# Lace rock



## Cajen (Mar 16, 2012)

I am in the beginning stage of setting up my tank after a 7 year hiatus because my house was not big enough. Yeah, I know, shoulda bought a bigger house  Anyway, it is a standard size 55g 48"x20"x12". I will be using PFS as my substrate, adding crushed coral to maintain 7.8 - 8.2 ph (my tap water in AZ comes out at 7.8 ph) building a UGJ system and double filters... magnum 350 (which I already have from before) and will buy the Eheim 2217 before I go live. Will run activated charcoal in the 350 & standard mix in the Eheim w/o charcoal of course. Now that I have the tank particulars out of the way... Here is my question about rocks.

When my tank was last up I had red lava rock, some boulders, some slate, some clay pots (hidden in the rocks). The other day at the LFS I saw a box of lace rock. I got to looking thru it and noted that it had great shape, nice natural caves and some really nice coloring on some of the rocks. All in all I thought it to be ideal... I was slightly worried about how rough some of the edges were but the local Cichlid expert said it will not be a problem. I am having second thoughts and and worried about my new babies scratching themselves on the rough edges... Should I be worried? Should I try to file down the rough edges with a coarse file? Looking for advice. Anxious to get started in earnest, but I have to travel for business in a couple of weeks so can't start the fish less cycle until I am able to be here to test the water etc...

Thanks for any input. THIS IS A GREAT FORUM!!!


----------



## DJRansome (Oct 29, 2005)

I like a smoother rock, but many use lace rock without horrendous problems. Maybe stock a more peaceful group so they are not darting about without regard to the rocks. :thumb:


----------



## Cajen (Mar 16, 2012)

What I am leaning towards are definitely Mbuna so I am basically out of the timid / peaceful range... I will do another post later about stocking but so far I am leaning towards

Pseudotropheus sp. Elongates jewel spot, metriaclima sp Msobo, red zebra (or maybe OB zebra), some marmalade cats and I do not know if I can add a williamsi north since it is also a pseudotropheus. Maybe some rustys maybe some yellow labs.
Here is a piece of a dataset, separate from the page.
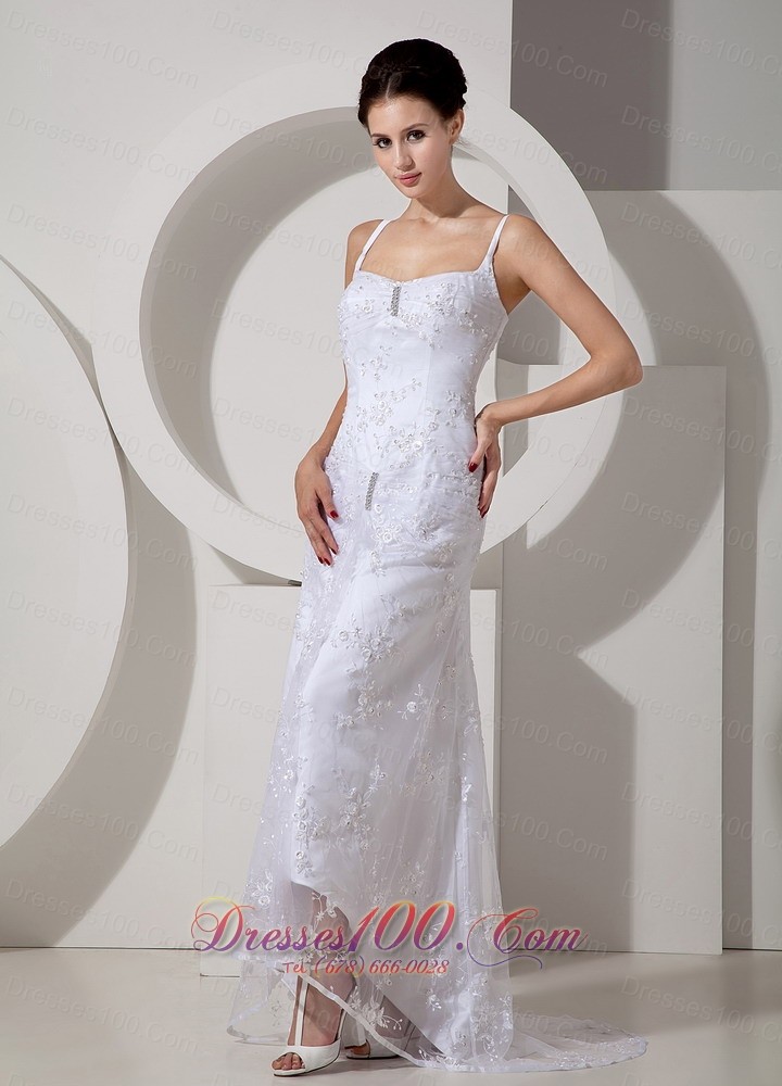 Opulence is the word written all over this dress. It is truly an example of high end couturing fashion. It features a sheathy bodice with straps in a lovely floral appliqued fabric. Pleats gathered on bust and hips add interest and detail to the mid-section of the dress. The crystal chains on the interactions make it shinning and push you to be the lightspot. The floor-length skirt forms an asymmetrical high-end hemline before shaping the brush train in the back. If you're looking for a high-end dress without the high-end price tag, this is definitely one you should consider. The back completes with zipper.

Nothing on the high aggression scale but several mildly aggressive... Plan to go with 1m/4f. I realize that I can not have all of the above but this is basically what I have come up with this far as a starting point

Thanks on the thought for the lace rock, may try to do something to soften the sharp edges... Not sure what other than chip away/file some of the more jagged corners.


----------



## Cajen (Mar 16, 2012)

Oh I left out ps soulosi ... Still looking for a ink black species - I saw a pic of a male I n breeding dress that was jet black and darned if I did not write it down and I have looked and looked and looked to no avail :-?


----------



## DJRansome (Oct 29, 2005)

Skip the marmalade cats...too big and aggressive for a 55G. You want a 75G for them.

Stock 1m:7f elongatus due to aggression.


----------



## Cajen (Mar 16, 2012)

What about the Soulosi? Oh, the choices... The male jewel spot is beautiful, but if I need to go 1m/7f maybe I need to rethink that as the Fems are drab

Thx


----------



## DJRansome (Oct 29, 2005)

Saulosi are good in a 55G with 1m:4f.


----------



## Cajen (Mar 16, 2012)

As always thanks!


----------



## Hammerstix (Feb 23, 2012)

I saw some lace rock @Stone Store & it looked rather roughened & sharp. Very similar to coral rock.


----------